An adverse event (AE) is defined as “any untoward medical occurrence...during treatment...that does not necessarily have a relationship with the treatment being given”. A serious adverse event is an AE “associated with death, inpatient hospitalisation..., prolongation of hospitalisation...persistent or significant disability or incapacity, a congenital anomaly or birth defect, or is otherwise life threatening” (DCGI, DGHS, CDSCO 2011).

Along with the increase in the number of trials registered on the CTRI, there has been an increase in the number of deaths reported in these trials: 132 in 2007, 288 in 2008 and 637 in 2009 (PIB 2010). In 2010, 670 deaths were reported in clinical trials. There were many more “serious adverse events” (SAEs) but these numbers have not been made public.
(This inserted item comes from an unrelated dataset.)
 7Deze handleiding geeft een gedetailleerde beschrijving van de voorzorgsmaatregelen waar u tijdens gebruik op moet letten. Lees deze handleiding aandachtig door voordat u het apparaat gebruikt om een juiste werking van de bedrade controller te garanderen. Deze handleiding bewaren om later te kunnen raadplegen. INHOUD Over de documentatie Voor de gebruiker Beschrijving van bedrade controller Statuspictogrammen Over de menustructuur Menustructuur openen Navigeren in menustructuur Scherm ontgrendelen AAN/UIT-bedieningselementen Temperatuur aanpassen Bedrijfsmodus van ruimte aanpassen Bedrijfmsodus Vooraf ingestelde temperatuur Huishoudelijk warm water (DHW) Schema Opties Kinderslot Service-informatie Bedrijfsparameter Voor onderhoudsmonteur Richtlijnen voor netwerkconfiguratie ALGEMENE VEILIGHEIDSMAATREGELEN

The Drugs and Cosmetics Act requires that all unexpected SAEs6 be reported to the sponsor within 24 hours, to the ethics committee within seven working days, and to the DCGI and other investigators within 14 days, and that action be taken. However, at present the SAE records are reportedly maintained manually and there is no follow-up of reports. The ethics committees that function as the local monitors may be untrained and under-resourced.

In fact, it may be up to the drug company on whose behalf the trial is conducted to monitor a trial and halt it when it is harming participants.
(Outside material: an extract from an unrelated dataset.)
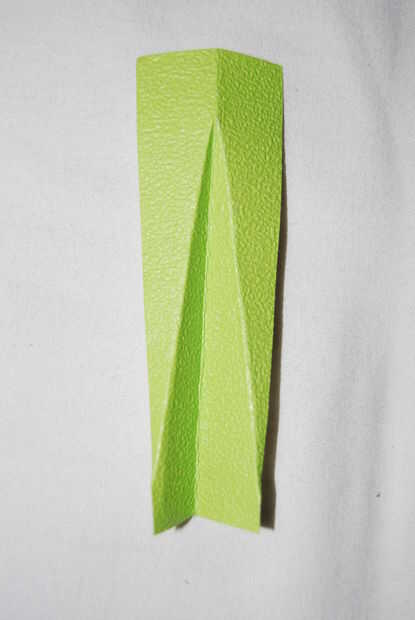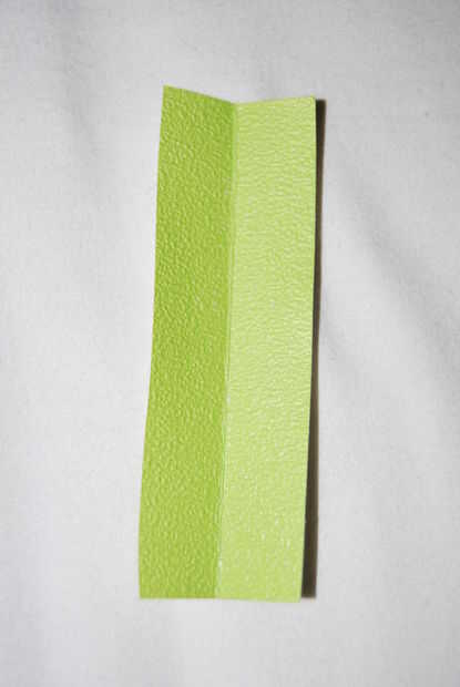 -Doblar la pieza rectangular de papel pintado en una línea vertical por la mitad.  (El color de la imagen de fondo del rectángulo debe ser en el interior del doblez)

The quality of SAE reporting was flagged by the committee investigating the human papillomavirus (HPV) vaccine trial involving 25,000 girls. No system was in place to report and investigate the AEs and while the deaths in the trials were “most probably unrelated to the vaccine” in some cases the cause of death could not be “established with certainty” as postmortem results and detailed medical records were unavailable. Nor was treatment available for girls who reported side effects though the non-governmental organisation (NGO) running the trial had insurance for itself (GoI 2011).

Compensation for Injury

Various documents – the Drugs and Cosmetics Act, the ICMR ethical guidelines, the Indian good clinical practice guidelines (CDSCO undated) and the draft SAE reporting guidelines – require study subjects to be provided medical treatment and compensation for trial-related injury. Yet a survey found that 47% of investigators and 26% of ethics committee members were unaware of, or did not understand, this requirement. Again, 40% of investigators, 30% of ethics committee members and all trial sponsors had policies on compensation but mainly to provide immediate medical relief or reimburse expenses, not to compensate for disability or death. The researchers reviewed informed consent forms and found that compensation was not mentioned; even reimbursement was to be given only if treatment was not already covered by other medical insurance, or only after insurance was exhausted.

In 2008, the Indian Council of Medical Research (ICMR) along with the Federation of Ethics Review Committees in India and the Indian Society for Clinical Research drew up draft guidelines on compensation for research-related injury (Bavdekar and Thatte 2009). The document requires trial sponsors to provide treatment for research-related injury and compensation for disability or death. It spells out how compensation should be determined and given, by whom and in what time frame, and how to handle disputes. This draft seems to have died a natural death as it is no longer available on the ICMR website.

Ethics Review and Monitoring

The ethics committee (EC) is entrusted with reviewing research proposals and monitoring research (ICMR 2006). There is little research on whether ECs are equipped for this, but available information suggests that many are not (Mudur 2005, WHO-ICMR 2007). The inquiry report on the HPV vaccine trials (GoI 2011) raised questions about the ethics of taking consent from hostel superintendents, and administering a vaccine to thousands of girls without a system for reporting and treating serious adverse events – issues that should have occurred to the various local and international ECs that cleared the trials. The committee also found many irregularities in the informed consent forms which would have been picked up if the EC had monitored properly.

A recent phenomenon is that of the private research ethics committee often constituted by drug companies or CROs to review proposals for a fee. The profit motives of these private boards pose a conflict of interest: they may be inclined to conduct superficial reviews since they benefit from the review fees (Ledford 2007). Further, since approval from private ECs is not tied to any particular site or institution, researchers can get approval from a private EC in one city and conduct the research in another city where there is no scope to monitor the research. Also, when research is not tied down to any one institution, sponsors can shop around for the right ethics committee.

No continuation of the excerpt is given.